Hope that isn't too confusining!
We are still waiting for the official results from the RAPS trial in London. Recruitment was a success and when the trial steering committee next meets we should have an answer.
A few patients in the UK are already on rivaroxaban, but this is under the careful eye of their APS specialists and usually because they are intolerant to warfarin or simply cannot get their INR in range.
We don't have any NICE guidelines on APS at the moment and it's like the holy grail for us! I believe, the same applies to lupus surprisingly.
Following the meeting with Earl Howe and the Health Department, we were told that it is something we can pursue but only once there is prevalence data and enough research to provide the body of evidence.
Thank you for the above Kate. I do want to see more research on this drug. I have my suspicion that this is all about cost and not the patients well being. Patients need to be fully informed of this drug, so they can make an informed choice.
That's understandable Bernie. However, the NOACs cost a lot more than warfarin so it's more likely your CCG will want to keep you on warfarin than move you across.
I noticed last week that Anticoagulation Europe published an article in their INReview about the lack of fairness in the distribution of NOACs and they want to see a fair policy throughout the UK.
So it may be that they are not going to be offered to everyone anyway, simply due to health economics. We will have to wait until we have clear approval then see whether the CCGs give GPs the budget to move patients.

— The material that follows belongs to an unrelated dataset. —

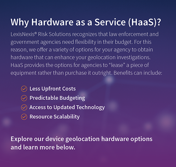 Device Setup: The LexisNexis® Risk Solutions Public Safety Special Investigations Unit will coordinate with your agency to set-up and deliver the device for successful deployment.

Hi was put on this drug but i was told it only really covers you for the first 12 hours, i did give it a go but unfortunately after 9 days i got a blood clot in my leg as was advised to go back on warfarin, i had side affects to ,
i did ask the question could i take 2 tablets one in the morning and one in the evening but was told no .
so i have decided i am staying on warfarin until something else is offered.

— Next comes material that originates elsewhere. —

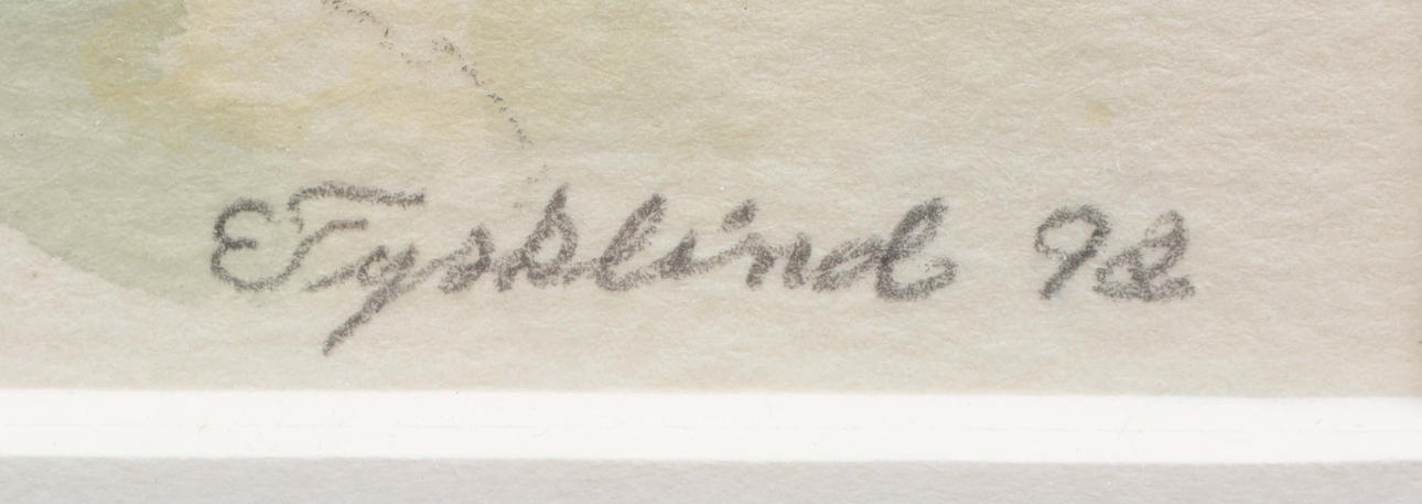 3476107. EINAR TYSKLIND. Klippen mit Bootshäusern. Aquarell.

Good Luck with it. i have heard it works for some people.
i am a supporter of warfarin, its is inexpensive and effective. i can no longer take it though, as i got to difficult to manage. so i spent a year on lovenox ugh, but now do take riveroxiban. it is easier, but yes cost more. its better than 2 shots a day.
as for whats best for the patient? anyone who is paying out of pocket for meds should speak up and stay on warfarin as long as they can be managed.
I've recently been diagnosed with APS following a bilateral pulmonary embolism in December. I was treated with Rivaroxaban then and have made the choice to take it now long term. The only side effects I have had so far is a heavy period (which is common with all blood thinners). My consultant was brilliant and gave me the choice having given me all the information I needed to make the choice. As an extremely busy person with a very active lifestyle I didn't want the disruption that warfarin would bring to my life. I'm not part of the St Thomas hospital trial but my consultant is in close contact with them. I'm also giving blood and urine samples next week for some clinical research into APS being conducted in partnership between the University Hospital of Wales and the Netherlands. I'm determined to stay up to date with the research with the aim of one day not having to take blood thinners for this condition!
I have been told by St Thomas that I'm not allowed to go on R as I have to keep my INR between 3-4 but my Haematologist in Hull was trying to puruade me to cange so I dint have fluctuations in INRS that I jave at present. Eventually I said no as I wanted to be in charge of by st Thomas and they were so amazed that he hadn't read their paper properly that they wrote to him to keep hands off and leave my treatment to them. So yes people can get it wrong and if I wasn't as strong minded as I am maybe I might have succumbed to doing what local DR thought best. So people do need to be aware and know that this is happening.